--- INSTRUCTIONS FOR THE TASK ---
If pictures appear among the lines below, leave them out while you return exactly the lines from the one with "草綠色底金屬線刺繡平頂帽" through the one with "The project involved".

--- DATA FOR REVIEW ---
┏━━

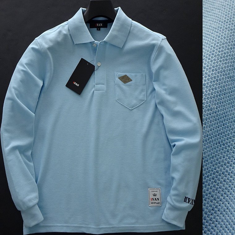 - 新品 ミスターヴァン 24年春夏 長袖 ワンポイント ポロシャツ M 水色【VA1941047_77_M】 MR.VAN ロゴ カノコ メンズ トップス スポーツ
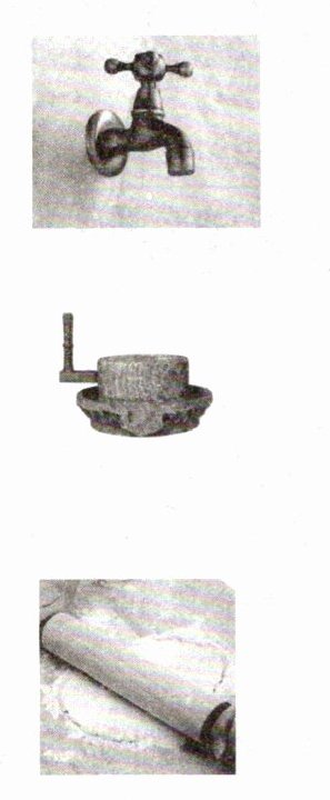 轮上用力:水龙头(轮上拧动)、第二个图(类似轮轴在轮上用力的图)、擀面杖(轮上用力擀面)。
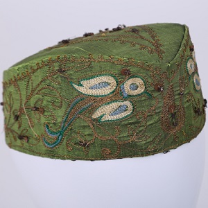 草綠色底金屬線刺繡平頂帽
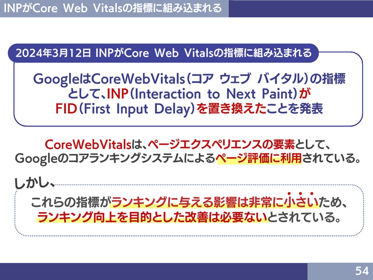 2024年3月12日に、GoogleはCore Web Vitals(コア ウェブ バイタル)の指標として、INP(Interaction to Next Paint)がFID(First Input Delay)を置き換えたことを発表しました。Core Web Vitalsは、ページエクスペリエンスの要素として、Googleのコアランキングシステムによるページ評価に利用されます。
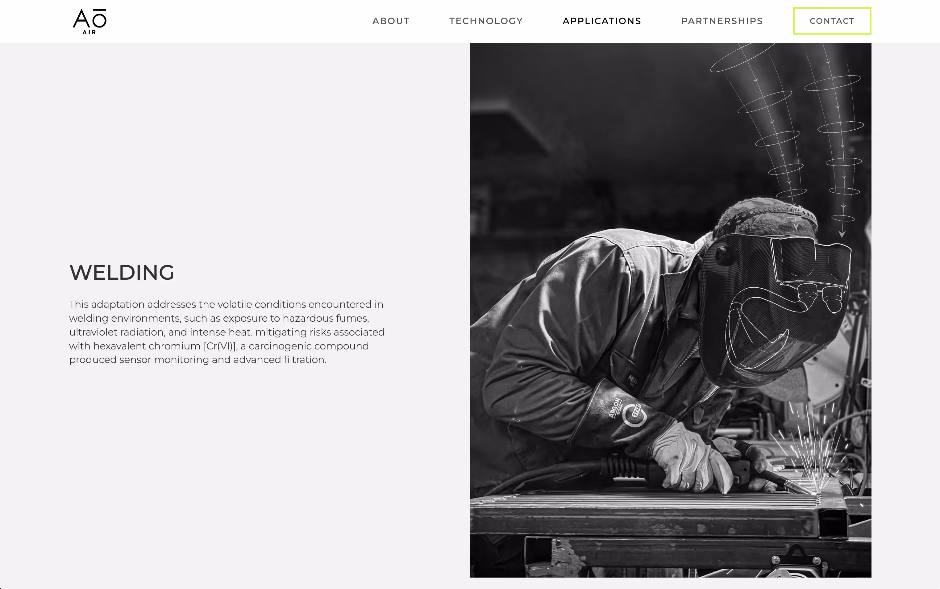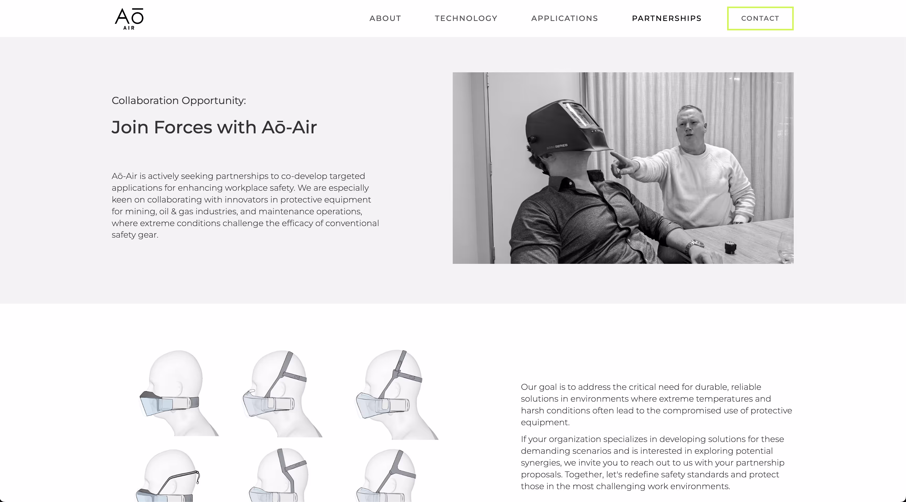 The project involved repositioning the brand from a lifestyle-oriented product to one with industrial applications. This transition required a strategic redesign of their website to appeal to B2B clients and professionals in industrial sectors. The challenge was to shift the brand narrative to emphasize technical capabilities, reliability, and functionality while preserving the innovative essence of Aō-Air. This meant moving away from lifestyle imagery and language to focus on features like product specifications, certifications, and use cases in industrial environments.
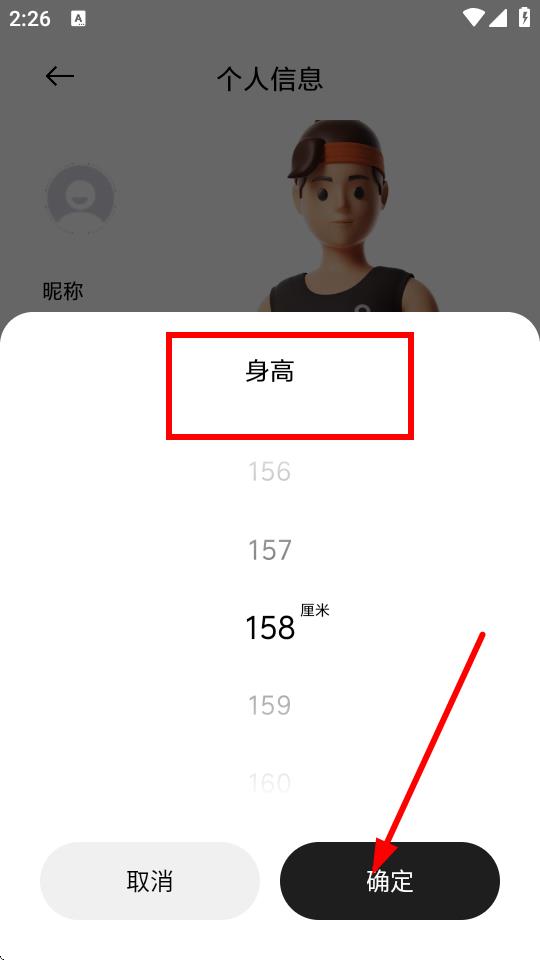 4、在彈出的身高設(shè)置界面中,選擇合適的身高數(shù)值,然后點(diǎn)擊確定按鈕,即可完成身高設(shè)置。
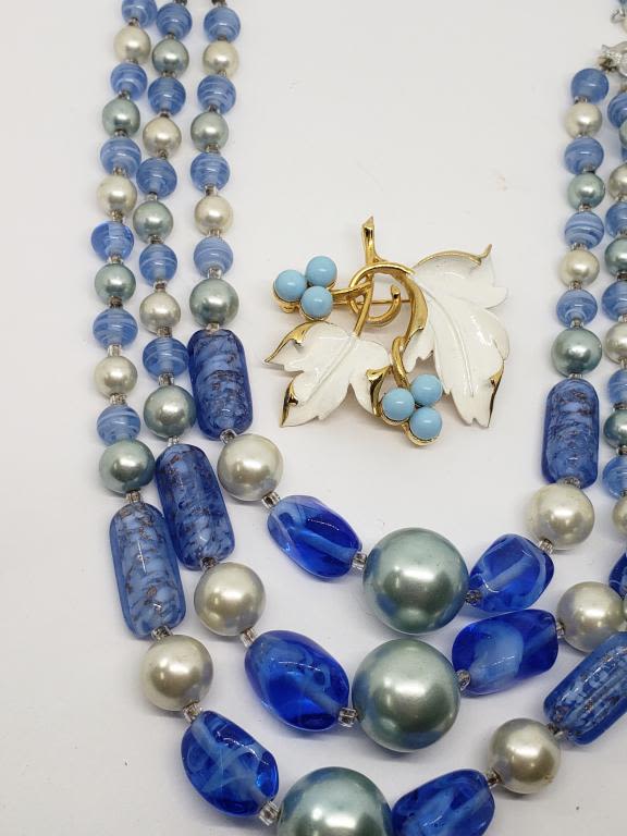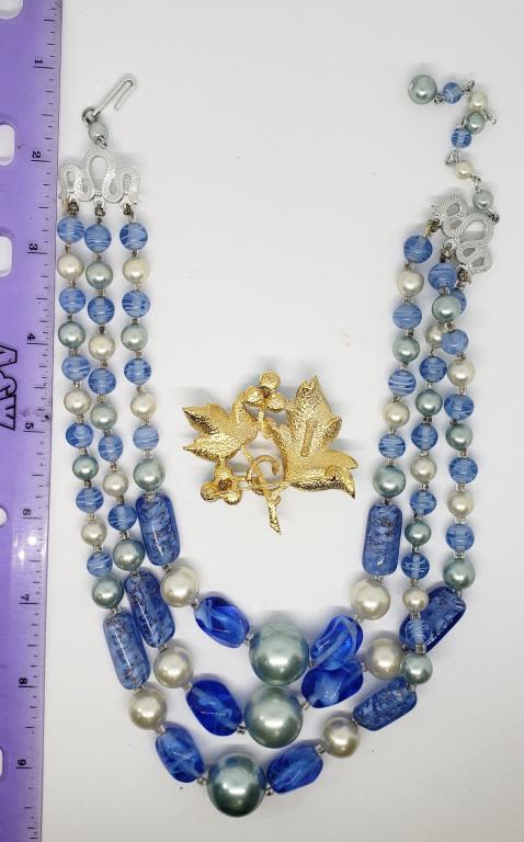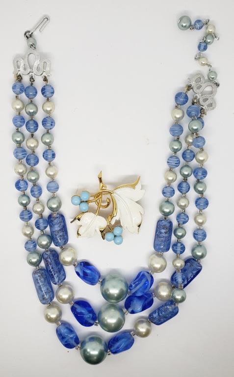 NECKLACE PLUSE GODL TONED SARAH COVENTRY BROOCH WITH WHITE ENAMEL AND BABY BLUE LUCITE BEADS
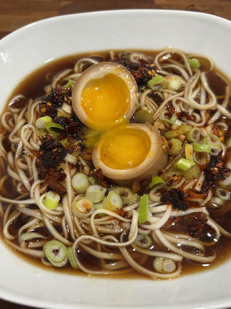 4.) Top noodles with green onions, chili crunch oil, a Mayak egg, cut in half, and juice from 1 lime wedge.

┗━━

--- REPLY ---
 草綠色底金屬線刺繡平頂帽
 2024年3月12日に、GoogleはCore Web Vitals(コア ウェブ バイタル)の指標として、INP(Interaction to Next Paint)がFID(First Input Delay)を置き換えたことを発表しました。Core Web Vitalsは、ページエクスペリエンスの要素として、Googleのコアランキングシステムによるページ評価に利用されます。
 The project involved repositioning the brand from a lifestyle-oriented product to one with industrial applications. This transition required a strategic redesign of their website to appeal to B2B clients and professionals in industrial sectors. The challenge was to shift the brand narrative to emphasize technical capabilities, reliability, and functionality while preserving the innovative essence of Aō-Air. This meant moving away from lifestyle imagery and language to focus on features like product specifications, certifications, and use cases in industrial environments.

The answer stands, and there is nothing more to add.